After the reservoir-heightening project, the GH reservoir’s future irrigation water supply capacity increased by up to 3.4% in RCP 4.5 and up to 13.3% in RCP 8.5. These increases indicate that the overall agricultural water supply capacity was improved compared to the period before the project because water resources were secured due to embankment heightening.
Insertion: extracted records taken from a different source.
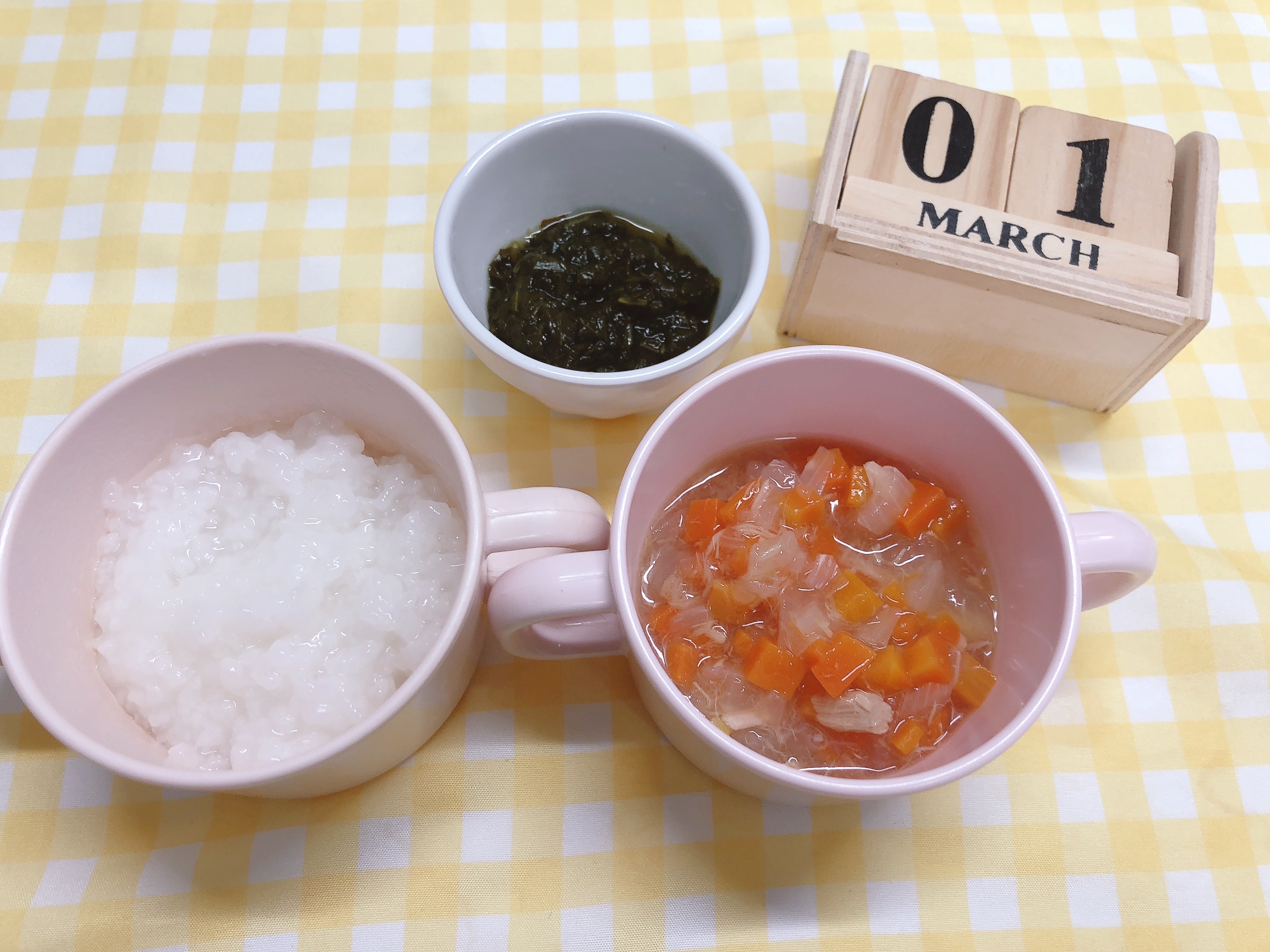 3月1日の土曜日、ぽかぽか保育園の給食時間が、またもや子どもたちの笑顔でいっぱいになりました。今日のメニューは、「厚揚げとそぼろのあんかけ」をメインに、「ツナと野菜の炒め物」、「味噌汁」、そしてデザートには「バナナ」が提供されました。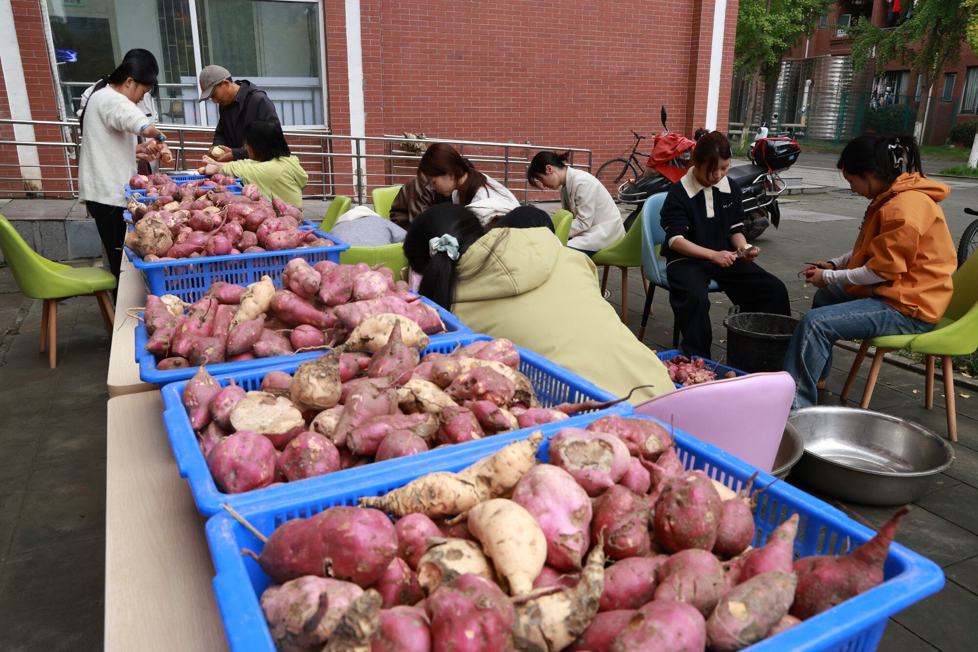 回首活动筹备之路,数管学院师生全程投入。从参与田间地头的红薯挖掘,到筛选时仔细挑出每一颗品相完好的果实,再到小心翼翼地将红薯装车运输、反复冲洗去除泥沙,每一个环节都留下了师生们忙碌的身影。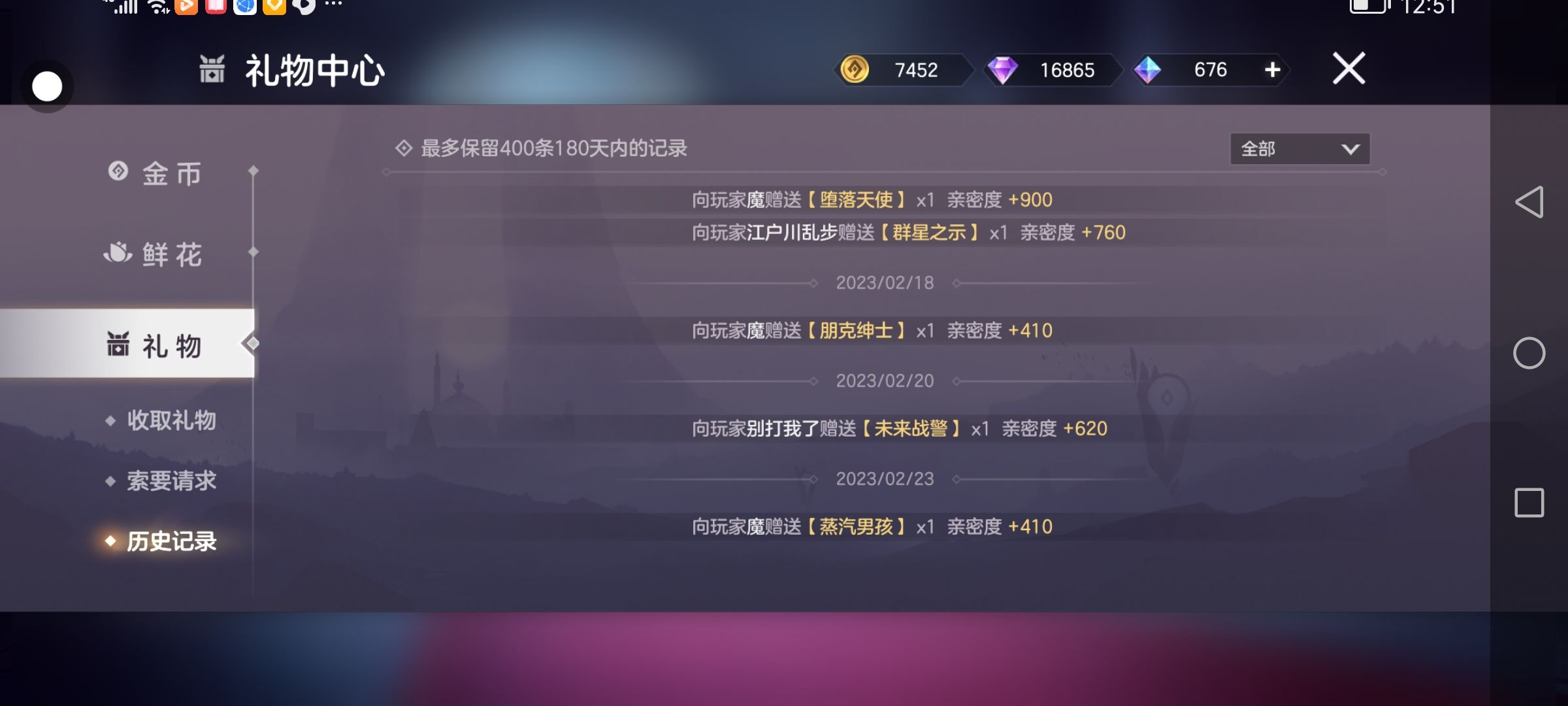 秀一下皮肤好吧,而且再秀一下送别人皮肤的记录

However, finding a change in the supply capacity of irrigation water was challenging during the 2085s period in RCP 4.5 despite reservoir-heightening, as an extreme drought was predicted during this period.
Figure 7 shows the comparison of the annual average storage and water shortage quantity before and after embankment heightening in the 2085s in RCP 4.5. The water balance analysis that applied the full water level and climate change data only affected the lack of water storage. The water shortage quantity after heightening tended to decrease, which highlights the inability of the reservoir-heightening project to prevent reservoir depletion completely.
A study from Cambodia [38] predicted that a decrease in runoff would reduce water availability in the future, and that water shortage would be more pronounced when considering instream water supply other than irrigation water. Accordingly, it is argued that reservoir construction is more effective in adapting to climate change than managing water supply. In our study, similar results were obtained as the water supply capacity could be improved through the construction project to secure reservoir capacity in preparation for climate change. On the other hand, another study [39] suggested that the increase in water demand in the future due to climate change would reduce by water management. In the current study, we confirmed the water supply effect of the reservoir-heightening project, and we found the need for proper reservoir operation because the construction due to the embankment-heightening project cannot provide sufficient water supply alone.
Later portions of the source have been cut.